BARBARA A. PURLEE, PLAINTIFF-APPELLANT,
v.
LIBERTY MUTUAL FIRE INSURANCE COMPANY, DEFENDANT-APPELLEE. KATHLEEN L. ALLEN, PLAINTIFF-APPELLANT, V. LIBERTY MUTUAL FIRE INSURANCE COMPANY, DEFENDANT-APPELLEE.



Appeal from the Circuit Court of Madison County. No. 90-L-1712. Honorable P.J. O'Neill, Judge Presiding. Appeal from the Circuit Court of Madison County. No. 90-L-1713. Honorable A. A. Matoesian, Judge Presiding.

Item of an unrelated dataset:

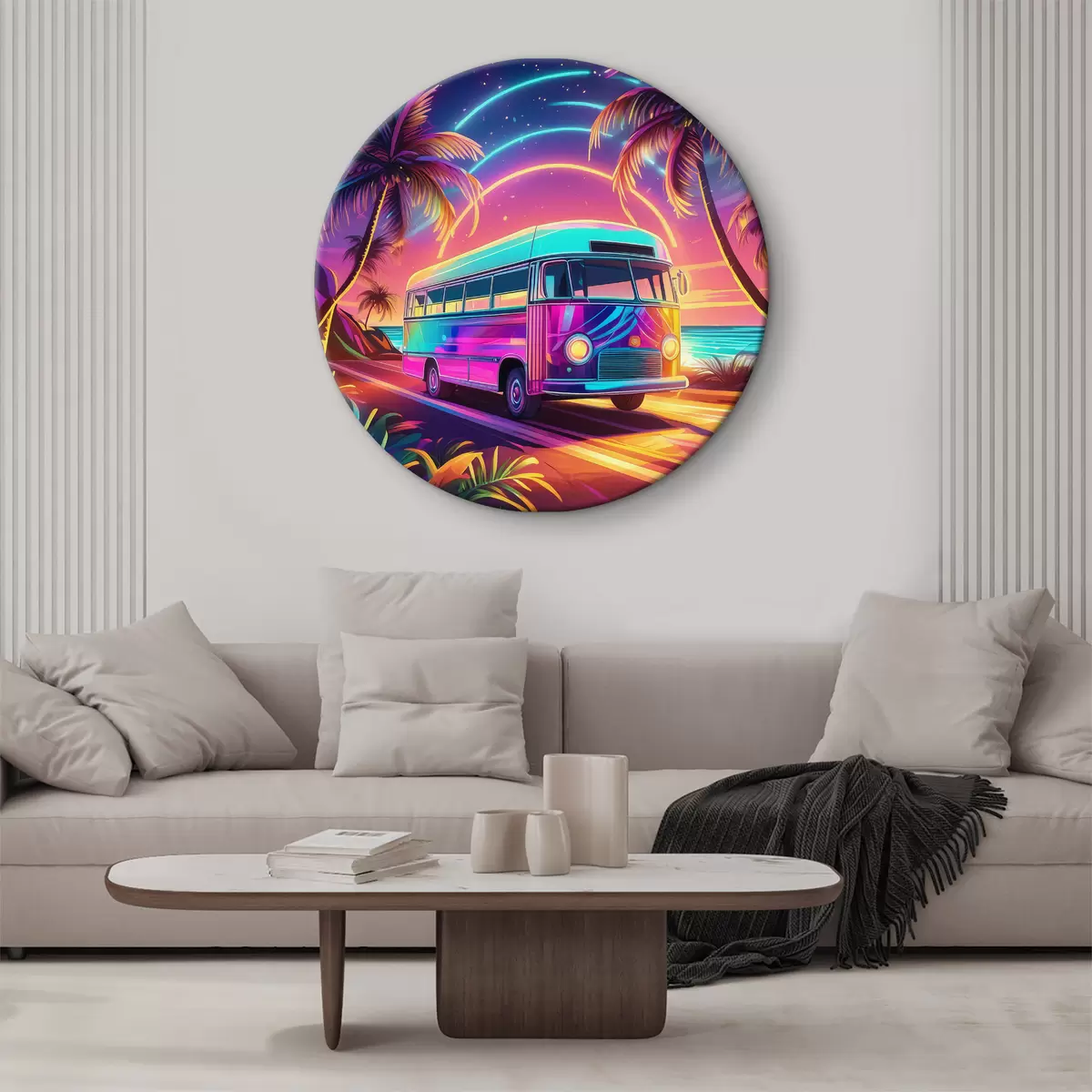 Ronde schilderijen Rode retro auto op het strand Nr r38811

Petition for Leave to Appeal Denied October 6, 1994.

Welch, Lewis, Rarick

The opinion of the court was delivered by: Welch

JUSTICE WELCH delivered the opinion of the court:

The matter before us on appeal is a consolidation of two cases filed on December 28, 1990, in the circuit court of Madison County: Barbara A. Purlee v. Liberty Mutual Fire Insurance Co., case no. 90-L-1712, and Kathleen Allen v. Liberty Mutual Fire Insurance Co., case no. 90-L-1713. Plaintiff Purlee appeals from the October 13, 1991, order of the circuit court granting defendant's motion for summary judgment and the December 23, 1991, order of the circuit court denying plaintiff's motion to reconsider. Plaintiff Allen appeals from the December 6, 1991, order of the circuit court granting defendant's motion for summary judgment and the January 24, 1992, order of the circuit court denying plaintiff's motion to reconsider. Plaintiffs present the following issues for our consideration on appeal:

(1) whether the availability of underinsured motorist coverage to a claimant, when the at-fault motorist's liability insurance is exhausted by payments to other claimants injured in the same occurrence, should be determined by comparing the amount of the claimant's underinsured motorist coverage to the stated amount of the at-fault motorist's liability coverage or to the amount the claimant actually recovers from the at-fault motorist's coverage;

(2) whether, if the underinsured motorist coverage statute is interpreted to deny coverage to Purlee and Allen upon the facts they allege, the statute involves an improper legislative classification which denies them equal protection of the laws and due process of law, in violation of the United States and Illinois Constitutions;

(3) whether, in comparing the amount of the claimant's underinsured motorist coverage with the liability coverage of an at-fault motorist who carries combined single-limit coverage, to determine the availability of the underinsured motorist coverage to an occurrence, the amount of the at-fault motorist's liability coverage should be reduced by the amount of property damage coverage required by the Illinois Safety Responsibility Law (Ill. Rev. Stat. 1989, ch. 95 1/2, par. 7-100 et seq.) (applies to Purlee case only);

(4) whether an insurance company, by its conduct in failing to furnish its insured with a copy of her policy despite repeated requests, in failing to timely advise its insured that it denies coverage of her claim, and in failing to offer its insured a reasonable and accurate explanation on the basis of her insurance policy or applicable law why her claim should be denied, is estopped from claiming, in the insured's subsequent suit to recover insurance benefits she claims are due, that coverage does not apply; and

(5) whether the viability of an insured's statutory and common law causes of action against her insurance company alleging that it violated various provisions of the Illinois Insurance Code (Insurance Code) (Ill. Rev. Stat. 1989, ch. 73, par. 613 et seq.) and failed to act in good faith and deal fairly with her in handling her insurance claim depends on whether her underlying insurance claim is resolved in her favor.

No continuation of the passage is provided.